To solve for the magnitude of the acceleration, a, we need to consider the forces acting on the block in the horizontal direction. The horizontal forces acting on the block are the applied force, F1cosθ, and the force of kinetic friction, fk.

Using Newton's second law in the horizontal direction:

F1cosθ - fk = ma

The force of kinetic friction, fk, can be calculated using the equation fk = μk * FN, where μk is the coefficient of kinetic friction.

Given:
F1 = 85 N
θ = 30°
m = 2.1 kg
μk = 0.2
FN = 21.92 N (from previous calculation)

We can plug in the known values and solve for a:

F1cosθ - μk * FN = ma
85cos(30°) - 0.2 * 21.92 = 2.1a
85 * 0.866 - 0.2 * 21.92 = 2.1a
73.61 - 4.384 = 2.1a
69.226 = 2.1a
a ≈ 32.94 m/s^2

Therefore, the magnitude of the acceleration of the block is approximately 32.94 m/s^2.

To solve for the magnitude of the normal force (FN) and the magnitude of acceleration (a), we can apply Newton's second law, which states that the net force acting on an object is equal to the mass of the object multiplied by its acceleration (Fnet = ma).

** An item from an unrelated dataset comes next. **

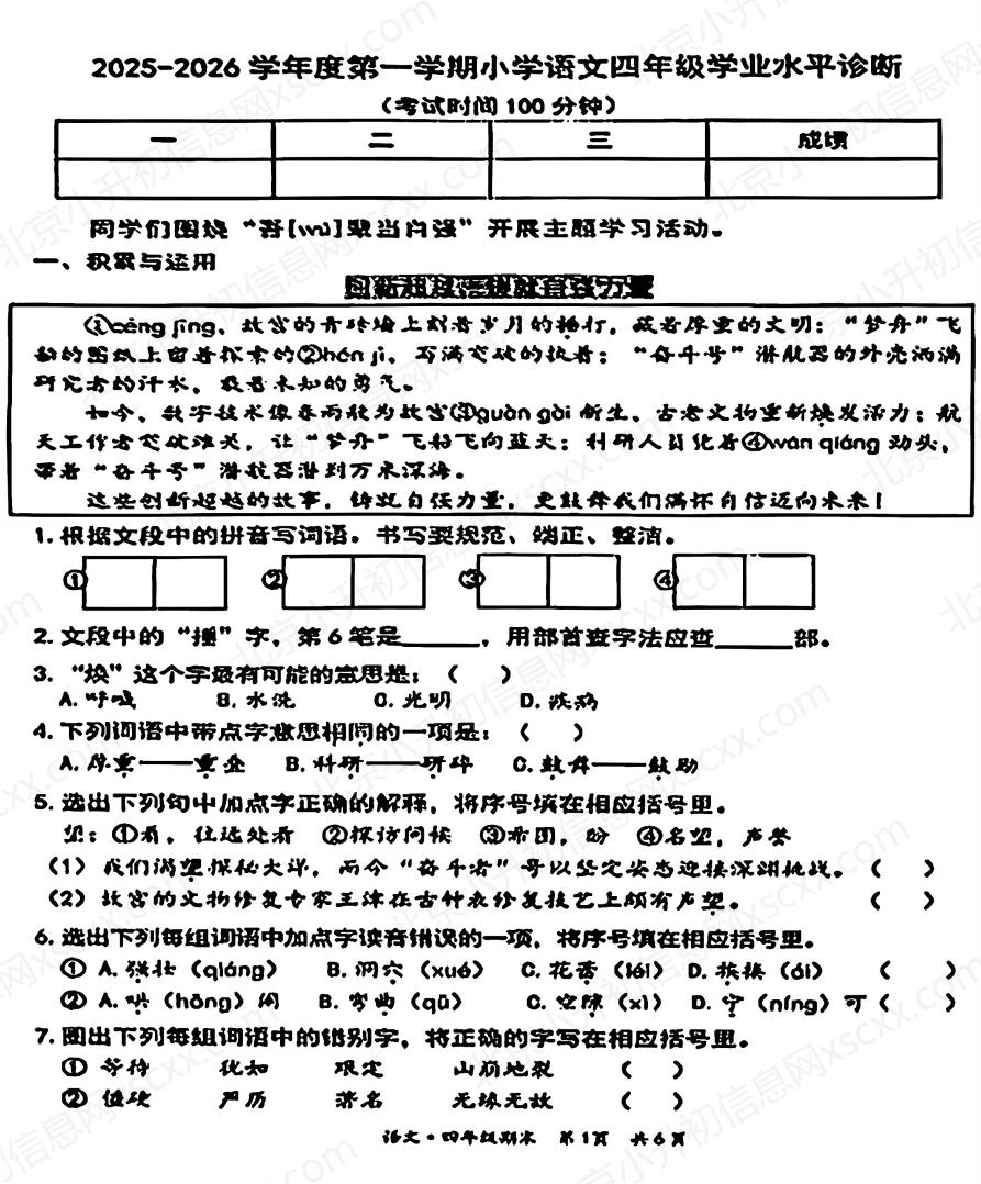 点击下载: 2026北京东城四年级(上)期末语文.pdf
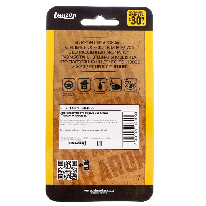 Не секрет, что машина давно уже перестала восприниматься как просто средство передвижения, и водители покупают всё лучшее для своих железных коней. Ароматизатор бумажный Car Aroma "Покоряю просторы", бриз — идеальный выбор, если вы ставите целью и улучшение технических характеристик, и поддержание внешнего вида автомобиля.

Let's start with finding the normal force (FN) using the given information and the angle θ = 30°.

A. Solving for the magnitude of the normal force (FN):

1. Determine the vertical component of the applied force (F2):
F2_vertical = F2 * sin(θ)
= 18.4 N * sin(30°)
≈ 9.2 N

2. Calculate the weight of the block (mg):
Weight = m * g
= 2.1 kg * 9.8 m/s^2 (assuming g is the acceleration due to gravity)
≈ 20.58 N

3. Determine the vertical component of the weight:
Weight_vertical = Weight * cos(θ)
= 20.58 N * cos(30°)
≈ 17.838 N

4. Calculate the normal force (FN):
FN = Weight_vertical + F2_vertical
= 17.838 N + 9.2 N
≈ 27.038 N

Therefore, the magnitude of the normal force (FN) that acts on the block is approximately 27.038 N when θ = 30°.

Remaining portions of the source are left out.